Most founders and business owners want to do the right thing. The challenge is knowing what “the right thing” looks like in real life, especially when your workplace might be:
- a retail shop, studio, warehouse, café, or clinic;
- a shared coworking space;
- a client site (for service businesses); or
- someone’s home (for remote teams).
Your duty of care adjusts to the circumstances - but it doesn’t disappear.
Who Do You Owe A Duty Of Care To?
When people hear “duty of care”, they often think only about full-time employees. In reality, your duty as an employer in Victoria can extend to a broader group of people depending on the work arrangement and the risks involved.
Employees (Full-Time, Part-Time, Casual)
This is the obvious category. If you employ staff, you owe them a duty to take reasonable steps to keep them safe at work.
This includes setting expectations clearly in a properly drafted Employment Contract, but also following through with real systems (training, supervision, safe equipment, incident reporting and so on).
Contractors And Labour Hire
Many startups lean heavily on contractors. Even where someone is not technically an employee, you may still have safety obligations depending on how work is managed, where it happens, and who controls the environment.
For example, if you engage someone to work on-site at your premises, you’ll usually need to ensure your site is safe for them while they’re there.
Visitors, Customers And The Public
Your OHS duties as an employer are focused on people at work (including employees and others engaged by your business). Separately, you may also have duties under general negligence principles and public liability considerations to take reasonable care for visitors, customers and members of the public who could be affected by how you operate (for example, slippery floors, unsafe shelving, poor crowd management, or aggressive behaviour in-store).
This is especially relevant for retail, hospitality, events, fitness, allied health and childcare-adjacent businesses.

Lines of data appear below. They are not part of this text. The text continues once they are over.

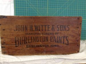 Antique box that held paint cans
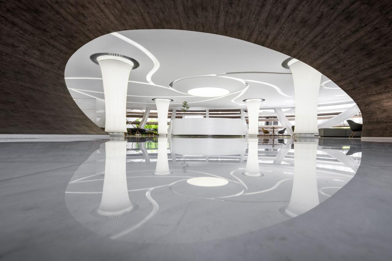 建筑设计师高迪曾经说过:“直线属于人类,而曲线归于上帝。” 曲线之美,与大自然最为相似,无可比拟。空间皆以曲线贯穿,每一条线都被赋予最大程度的张力,接待台作为下层空间的中心,以圆柱体造型聚焦视线,而分散在它周围的支柱系统,则被设计师作为发光薄膜灯具,顶部内嵌丝带形日光灯槽,穿插在柱子之间,勾勒灵动曲线。
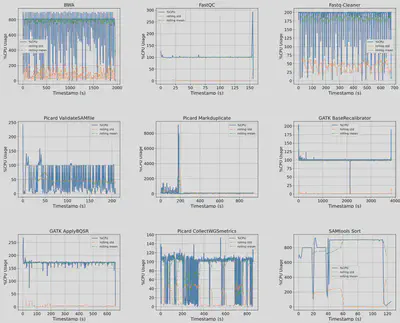 | Figure 2. CPU utilization pattern of 9 applications in DNA-Seq Alignment workflow collected by GenScale. y-axis: (num. cores) x 100%, x-axis: time elapsed in seconds. |
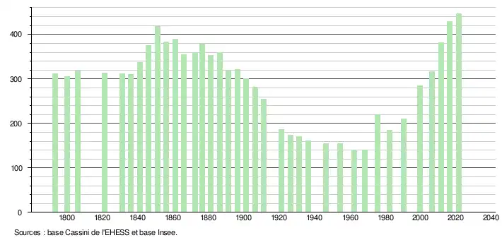L'évolution du nombre d'habitants est connue à travers les recensements de la population effectués dans la commune depuis 1793. Pour les communes de moins de 10 000 habitants, une enquête de recensement portant sur toute la population est réalisée tous les cinq ans, les populations légales des années intermédiaires étant quant à elles estimées par interpolation ou extrapolation[18]. Pour la commune, le premier recensement exhaustif entrant dans le cadre du nouveau dispositif a été réalisé en 2006[19].
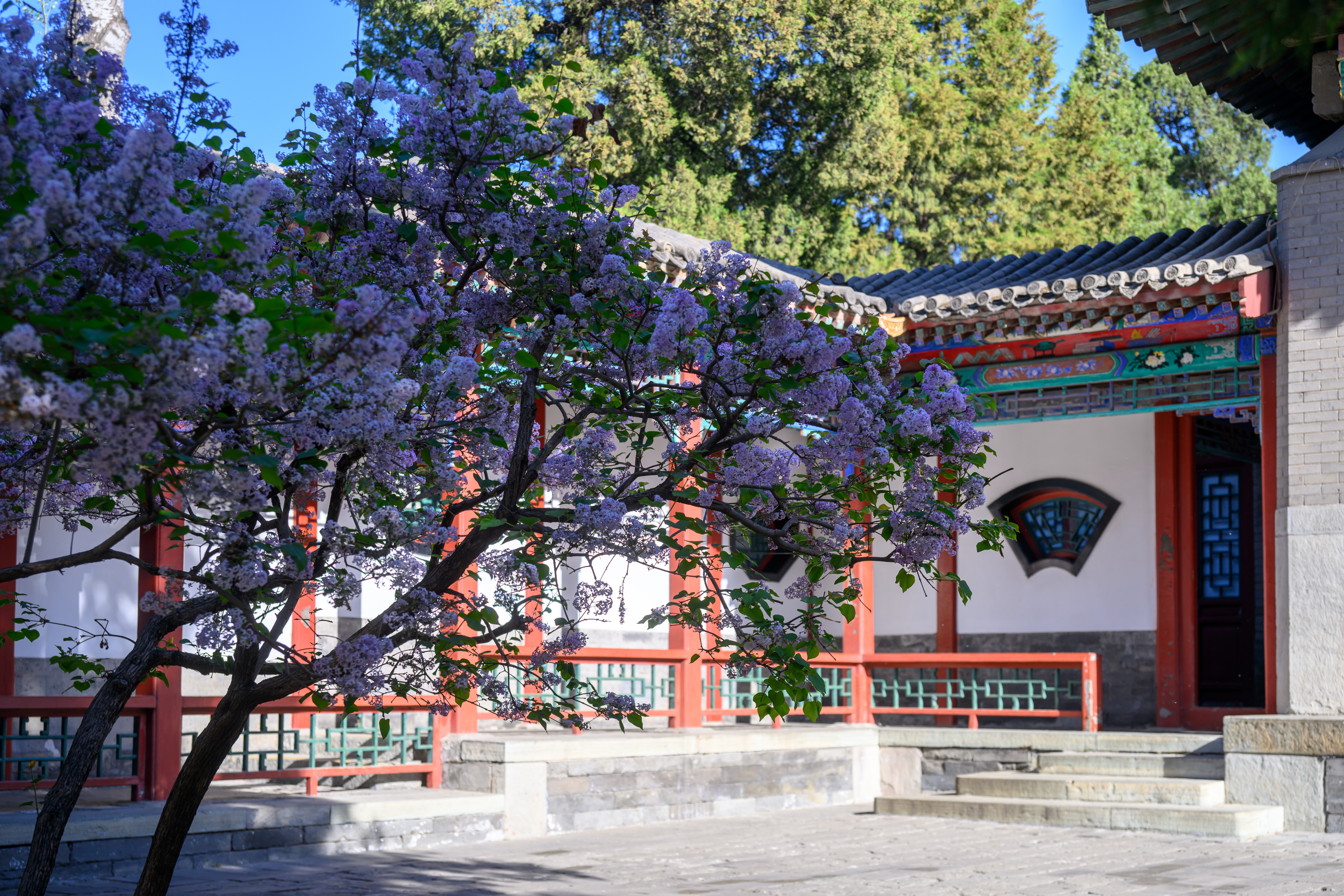 北京北海公园的春天,是红墙与繁花的唱和,美得从容悠然。琼华岛旁桃花粉白成片,五龙亭边连翘缀满枝条,快雪堂里丁香吐露芬芳。垂柳拂岸,碧波荡漾,一步一景,满园春色让人沉醉流连。
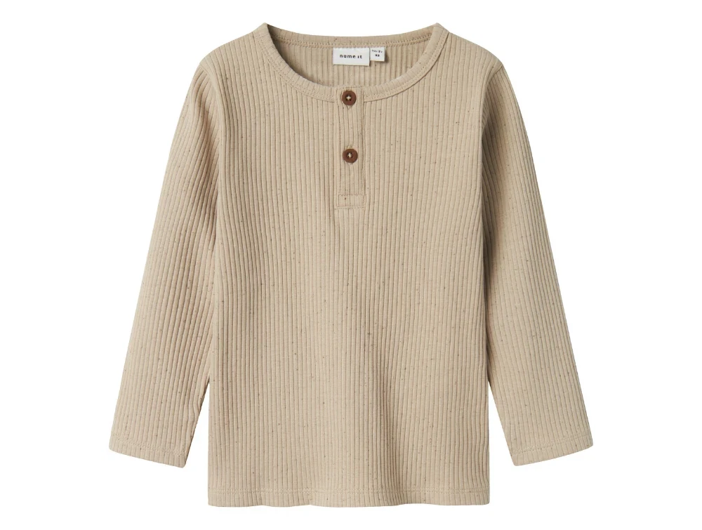 Langærmet top i farven pure cashmere med to knapper fra Name It.
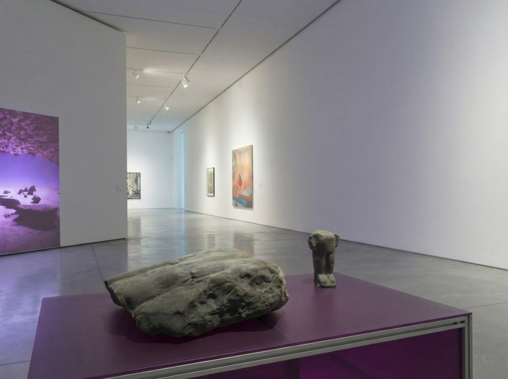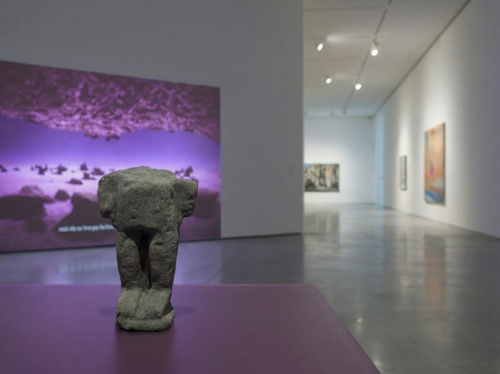 L’exposition se conclut par une installation sculpturale : deux sculptures préislamiques ont été fidèlement reproduites grâce à des techniques d’impression 3D utilisant du sable. Ces œuvres représentent des formes humaines fragmentaires, leur état incomplet pouvant être interprété de multiples façons. S’agit-il du résultat de processus naturels d’érosion, témoignant du passage inexorable du temps? Ou bien ces fragments sont-ils les vestiges d’actes d’iconoclasme, reflétant les tensions culturelles et religieuses qui ont façonné l’histoire de la région? Cette ambiguïté intentionnelle invite le spectateur à réfléchir sur la fragilité de l’art, de la mémoire, et de l’identité culturelle face aux forces conjuguées de la nature et de l’histoire humaine.

What Does Employer Duty Of Care In Victoria Require In Practice?
Duty of care isn’t just a statement in a policy document - it’s what your business actually does.
While every workplace is different, there are some core categories of practical actions most Victorian employers should think about.
1. Identifying Workplace Hazards
You’re expected to look for hazards before they turn into incidents. Hazards might include:
- physical hazards (slips, trips, manual handling, machinery, unsafe storage);
- psychosocial hazards (bullying, unreasonable workloads, chronic stress, poor conflict management);
- chemical hazards (cleaning products, fumes);
- electrical/fire hazards;
- security risks (working alone, dealing with aggressive customers).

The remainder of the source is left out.